I was reading a story recently about a woman in her 20’s who had anonymously submitted an article to a magazine about an experience she had had a few years prior while working in publishing. In short, she described attending weekly commissioning meetings in the boardroom and there being platters of pastries along the table. She described one of her senior colleagues – a lovely woman in her 50s – would always urge her, loudly, to have a croissant. She would urge me and say: “Look, she’s nothing but skin and bone!” The fact that this woman was deeply anorexic and that her colleague was overweight was irrelevant. The writer was alluding to the sad but true fact that her colleague was drawing attention to her size in a way that would have been unacceptable had she done the same to in return. I’m well aware I’m skating on thin ice writing this article but rather than picking only one side, I am trying to draw attention to both extremes being unhealthy and throwing out the concept of health and balance to our society. When you think about it, what could be more irritating than a thin person describing another person as fat? And yet – for a moment – think about how we describe thinness: skinny, angular, emaciated, bony, skeletal, lollipop-head.

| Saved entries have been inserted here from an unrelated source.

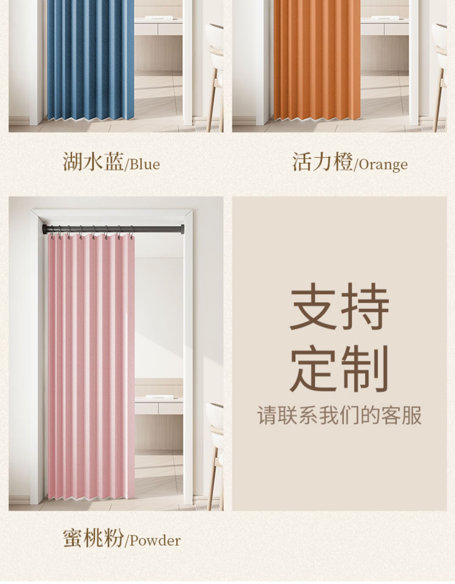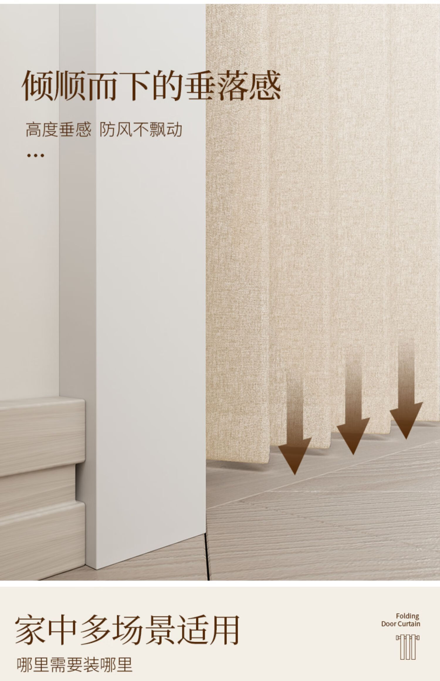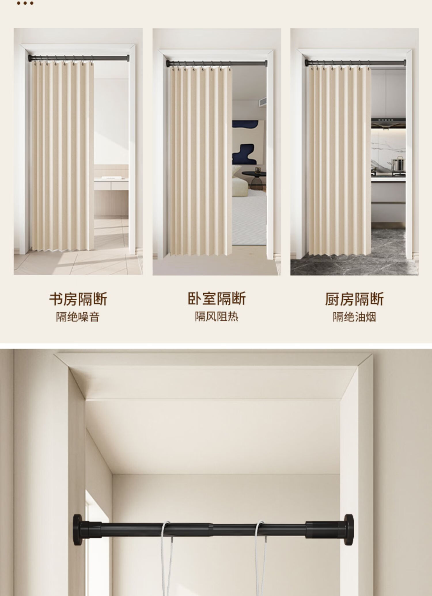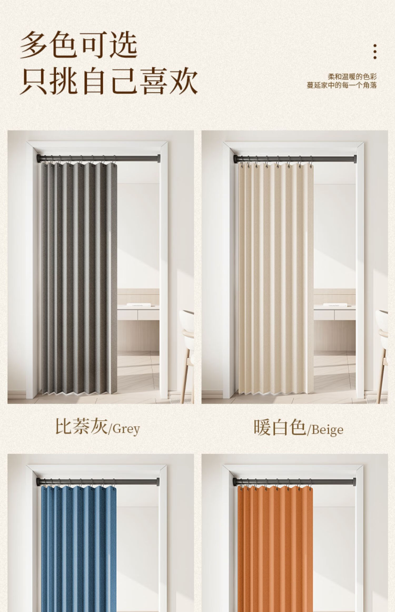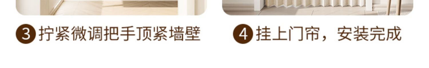 施香曼定制折叠门帘阻风风热加厚隔断帘卧室厨房遮挡帘免打孔家用简约 暖米色单帘 [适用175-195墙宽]200宽*200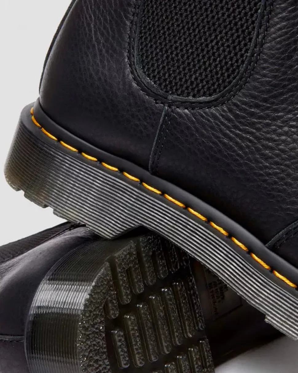 Ikoninen 2976 Chelsea-nilkkuri on uudistettu pehmeästä ensiluokkaisesta Ambassador-nahasta, jossa on kuvioitu ja öljytty pinta. Notkea nahka muotoutuu jalkaasi heti ensimmäisestä hetkestä lähtien, joten Dr. Martens -jalkineiden käyttö on helpompaa kuin koskaan. Pohja on kiinnitetty keltaisella DM’s-pohjatikkauksella ja siinä on tunnusomainen uritus. Viimeistelty keltamustalla kantalenkillä.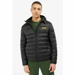 Showcasing an all-over baffle design, the Barbour® International hooded essential quilted jacket boasts unwavering style with side entry pockets and a large comfy hood. The perfect outerwear staple, this jacket features a throat tab and is finished with a Barbour® International badge on the left sleeve.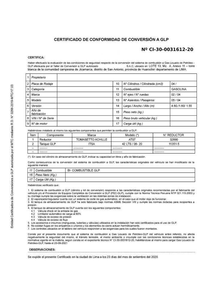La emisión del certificado es un procedimiento que el cliente debe cumplir obligatoriamente cada año. El propósito de este requerimiento es asegurar y evidenciar al estado peruano representado por el MTC, que los equipos de gas instalados en los vehículos se encuentren funcionando correctamente, cumpliendo con todas las normas de seguridad y bajo los planes de mantenimiento periódicos fijados por el fabricante del equipo.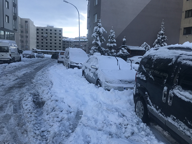 Cadde, sokaklar ile park halindeki araçların kar ve buzla kaplandığı kentte, vatandaşlar yol ve kaldırımlarda yürümekte zorluk çekti.

These terms are tossed around in the media quite casually, without the caution we must now use in our references to fat. Just as the terms use to reference overweight people can be seen as offensive, the same goes for those who are looked upon as skinny. This woman willingly shared that in her own life, she had been called a skinny bitch, a body fascist, and a fat-Nazi and was informed regularly that men “love something to grab on to”, and that “curves” are sexier than skeletons. For her, facing up to the health consequences really helped her in the end but regardless, society in general should learn to be more compassionate because you never truly know what is going on in someone else’s life; much less in their own body.

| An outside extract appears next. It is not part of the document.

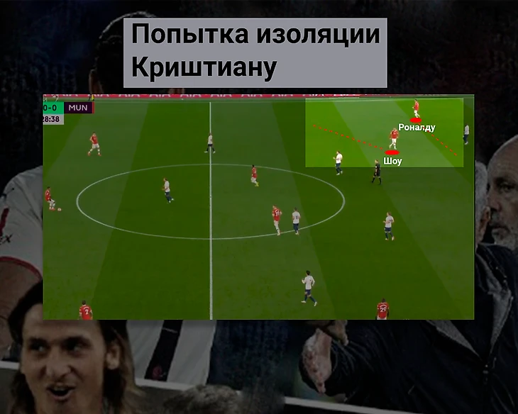Была попытка изолировать Криштиану (возможно импровизация игрококов): Шоу смещался в полуфланг, связывая этим движением КЗ и ЦЗ, после этого можно было переводить мяч на Роналду, чтобы тот продвинул мяч на дриблинге. Такой сюжет особо не повторялся, но в будущем, используя схему 5-3-2 (3-5-2), такой трюк может давать пользу против команд, которые отдают мяч, хотя по моему мнению Криштиану даёт больше преимуществ в штрафной соперника.

Situations like those above happen to girls-particularly young girls-more often than not. Some women can “shrug it off” easier because they have confidence and a solid upbringing, but not everyone has been that fortunate and even for those who have, it’s hard not to feel ostracized at least some of the time, especially when one is constantly barraged with body-image reminders on the job, in the media, at stores and across the internet. The more pressing question really is “Why can’t our society promote a healthy body image while avoiding extremes on either end of the spectrum while sending out the message to young girls that it is better to create a balance when it comes to your health and your weight?” For example the Dove campaign for Real Beauty Initiative celebrates real women promotes the idea of “yes someone may need to lose a few pounds,” but for health reasons rather than vanity.
I think that the acceptance of diversity and a wide range of appearances that celebrate the healthy image of women is a fantastic start. No image that could cause harm to a human being should ever be glorified or considered glamorous. We need a greater push from all members of that industry: advertisers, clients, designers, agents, models, media and regular consumers. Though fashion can’t take all the blame for all insecurities of body image that plague the world, it does fall into the sociocultural factor that influences the way women view their bodies in society. It is a part of the problem, but it can also be a part of the solution. Here in America, we have the opportunity to use our voice and our images for the greater good but will enough people be brave enough to take a stand?